Fine. But over the past years, many of my students and a host of others have been puzzled by a salient notion: the overwhelming number of Union soldiers did not go to war to put an end to this rather conspicuous institution. If slavery threatened to destroy the country, as it seemed to be doing in a hasty fashion, why, in 1861, were northern soldiers not intent on destroying the cause of this mighty scourge? As the detractors of the "slavery as a cause" argument will happily tell you, (most) Yankees set off to war thinking very little of freeing slaves. Could one then conclude that northerners at arms did not believe that the war was over slavery?

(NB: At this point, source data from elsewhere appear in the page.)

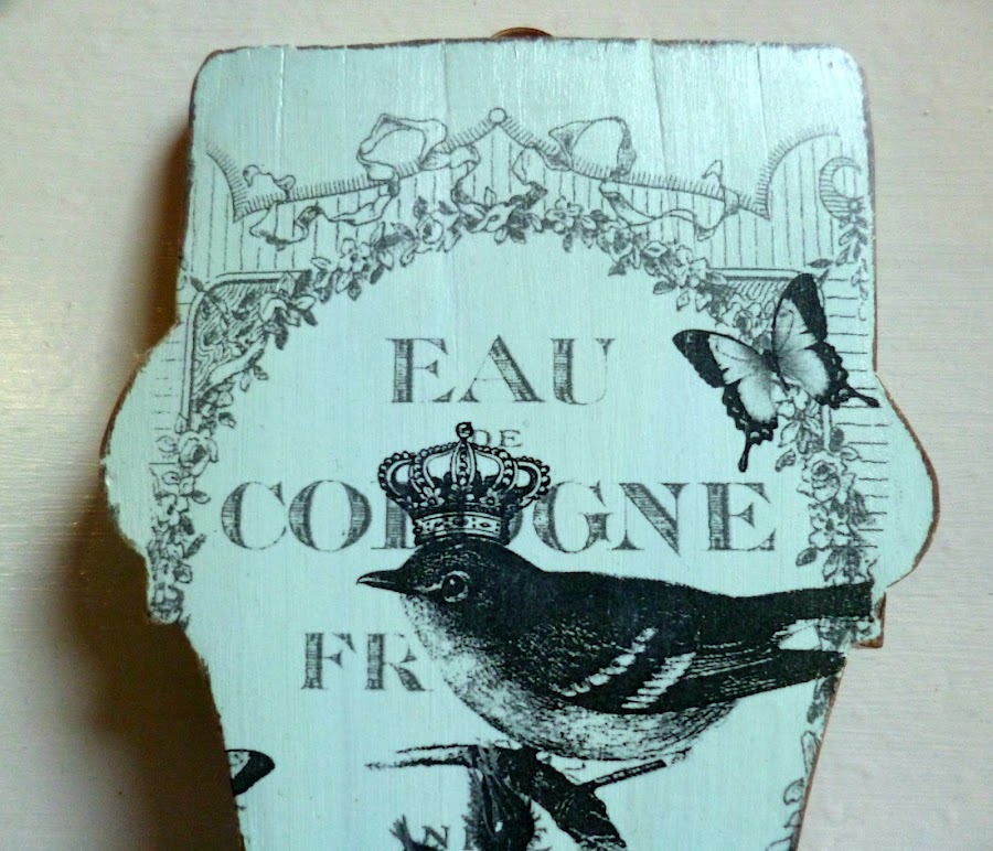 Pero como para que no quede así nomas hice una tranferencia de una lámina francesa,y me encantó como resalta sobre el pastel de la base.
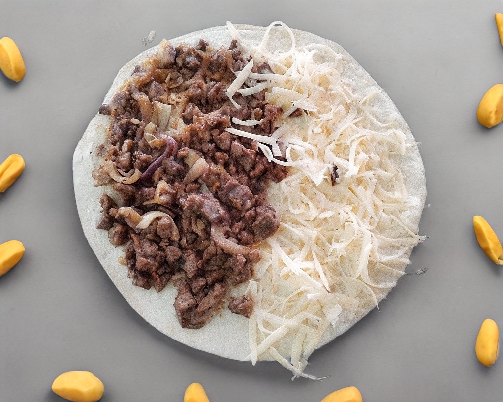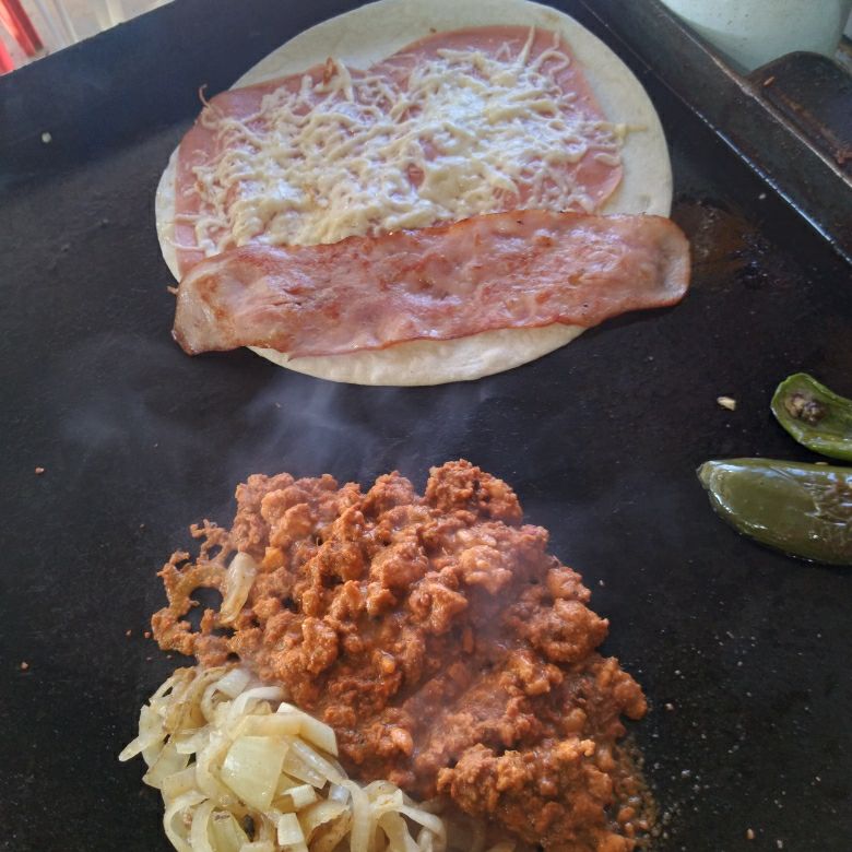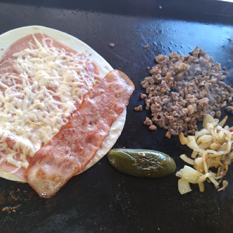 Carne de hamburguesa queso amarillo queso blanco excelsior salchicha,jamon y tocino picados aderezo de la casa en tortilla de harina
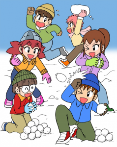 一人で黙々と雪を積み上げる子。その周りで雪の投げ合いに興じる子。積み上げていた子も巻き込まれて雪合戦、そのうち飽きて、みんなで雪を積み始める。雪玉が大きくなり過ぎで一人で抱えられなくなって、みんなで立ち上げたら、身長を越える雪だるまができて歓声があがる。数時間前に初めて顔を合わせたのに、ずっとまえから知っているかのように遊んでいます。
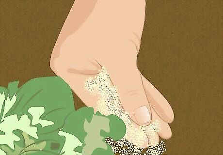 Use fertilizer that has a balanced 10-10-10 ratio. Apply the fertilizer about three weeks after planting. Sprinkle about 1/4 pound of fertilizer per 25 square feet on the soil around the kale plants. Do not get fertilizer on the plants as it could burn the leaves. If fertilizer does get on the plants by accident, wash them off right away with clear water from the garden hose. Ornamental kale plants that do not get fertilizer will grow more slowly and may not develop their bright colors.
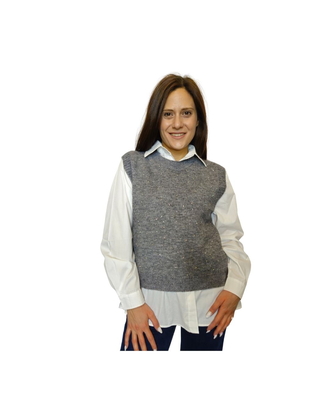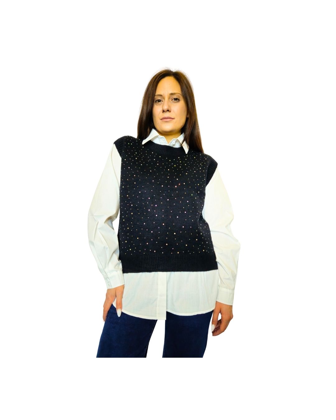 Δώσε λάμψη και στυλ στις εμφανίσεις σου με αυτό το εντυπωσιακό σετ πλεκτού γιλέκου με στρας και πουκάμισου. Το γιλέκο είναι διακοσμημένο με λαμπερά στρας που προσθέτουν glam χαρακτήρα, ενώ το πουκάμισο χαρίζει κλασική κομψότητα και ισορροπεί τέλεια το look.
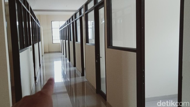 Pantauan detikJateng, deretan kamar itu bisa diakses dengan naik lift. Sesampai di lantai 4, tampak ruangan terbuka bercat abu putih dan krem. Tampak di deretan kanan dan kiri area tersebut terdapat puluhan kamar berukuran sekitar 2,5x3 meter.
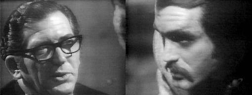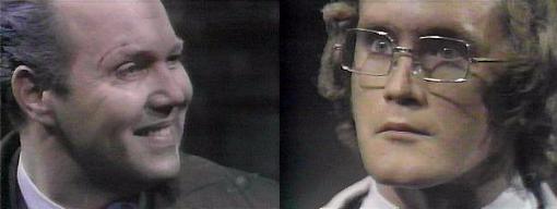 Cyrus and Gladstone stare at each other, and although the latter believes Cyrus will deny his accusation, Cyrus asks, "Why should I?" then adds, "...deny such a ridiculous accusation?" Gladstone reminds Cyrus, the compound I sold you is capable of restructuring the chromosomes (ah HA)! That isn't it's main use, says Cyrus.  Gladstone suggests, that's exactly what YOU are using it for, to give you a chance to be someone you aren't, be filled with lust for life, to experience pleasures you won't find in this lab--excitement, love, adventure. All of which I've found here, says Cyrus--your theory is interesting, but mad, Gladstone. The drug dealer doesn't believe that--where is John Yaeger tonight? he asks. I don't have the faintest idea, says Cyrus. I know very well, boasts Gladstone--I have what I consider to be proof. You do not, says Cyrus. The day after I first provided the compound, says Gladstone, you called me about eliminating   amnesia. Yes, I was performing an experiment, says Cyrus. Consulting a small notebook, Gladstone reads, "The night before, John Yaeger appeared in Collinsport for the first time"--I've checked the dates. Pure coincidence, insists Cyrus. I reworked the formula for you, says Gladstone, and the following Tuesday, Cyrus Longworth left on a mysterious trip and Yaeger miraculously appeared--I checked this with your fiancee. I will not have you questioning her! says Cyrus. Why? asks Gladstone--are you afraid she'll find out, too? There is nothing to find out, says Cyrus. My investigation was most thorough, says Gladstone--next, Yaeger appeared at the Eagle with a check signed Cyrus Longworth. I gave that money to Longworth (meaning Yaeger), a loan, says Cyrus. And then there's the matter of the painting that once hung on this wall and that now hangs in Miss Harrington's room. So you've been to see her, too, says Cyrus. Oh, you've trapped yourself now, Longworth, says Gladstone--why would Dr. Longworth care whether I saw her or not? Yaeger is not going to like your interfering, warns Cyrus, now sounding a lot more like his bombastic alter ego. I know, says Gladstone, when you see Yaeger, please let him know that I've taken proper precautions--I've written it all down! Shaking, adjusting his glasses, Cyrus says defensively, Yaeger has done nothing wrong.   (really? I guess beating/rape isn't wrong to Cyrus). Not as far as the law is concerned, retorts Gladstone, but surely the fact that you can turn yourself into someone else would be very upsetting to many--your fiancee, Miss Harrington, Quentin Collins, your friends at Collinwood... Seething, Cyrus doesn't answer.  You don't have to admit it if you don't want to, says Gladstone, and if you want to maintain the illusion that no one knows, I'm perfectly willing to go along with that. You want something, guesses Cyrus. Yes, says Gladstone, almost regretfully, I had SO much trouble with your compound; I'm woefully underpaid, it takes up more and more of my time--the delivery tonight, that compound isn't nearly ready, and if you want another on Friday...  HOW MUCH DO YOU WANT? demands Cyrus. "Ten thousand dollars!" shouts Gladstone, his voice going instantly from affable to angry. You're mad, says Cyrus, repeating the amount--why should I pay that? It's a small amount to pay for the existence of John Yaeger, says Gladstone, and that is what you are buying--without my compound, John Yaeger will never walk the streets again (Gladstone doesn't know about Yaeger's appearance without the compound)--you don't have to make up your mind right away, Friday will be plenty of time, but remember, I wouldn't try to silence me, if I were you, unless you want someone very close to you to read the whole story. He turns to leave.  Cyrus says, "This isn't your first attempt at blackmail, is it?"  "Why do you think my number was in Angelique Collins' phone book?" asks Gladstone.--"She's lived many lives--each person only gets one!--Good night." (This tells us volumes about Angelique--did she rely upon something Gladstone sold her to retain youth and beauty, even in death)? Gladstone leaves.  Cyrus looks as furious as Yaeger in his more insane moments.

This logic is about as convoluted as it gets - yet I hear it all the time (it's right up there with the idea that the war could not have been about slavery because most Confederates did not own any slaves). While it is certainly true that Union soldiers fought overwhelmingly to preserve the nation (see Gary Gallagher's The Union War on this one), they did so knowing full well (or at the very least - perceiving) that a "slavocracy," as they would have called it, was hell bent on destroying the republic. Abolitionists - those who sought to destroy slavery from the very beginning - were a tiny minority. Generally speaking, as the war went on, soldiers saw emancipation as a means to an end - in effect freeing slaves as a crippling blow to the Confederate war effort. Only when the war was over did Union veterans hail emancipation as (one of) the war's great causes. Their celebratory efforts were full of nods to freedom and Union.
But despite the changing nature of how Union soldiers warmed to emancipation, they could certainly tell you what the war was all about. As Union general Carl Schurtz wrote in his memoirs, loyal soldiers of the republic knew all along that slavery was indeed the "guilty cause of the whole mischief."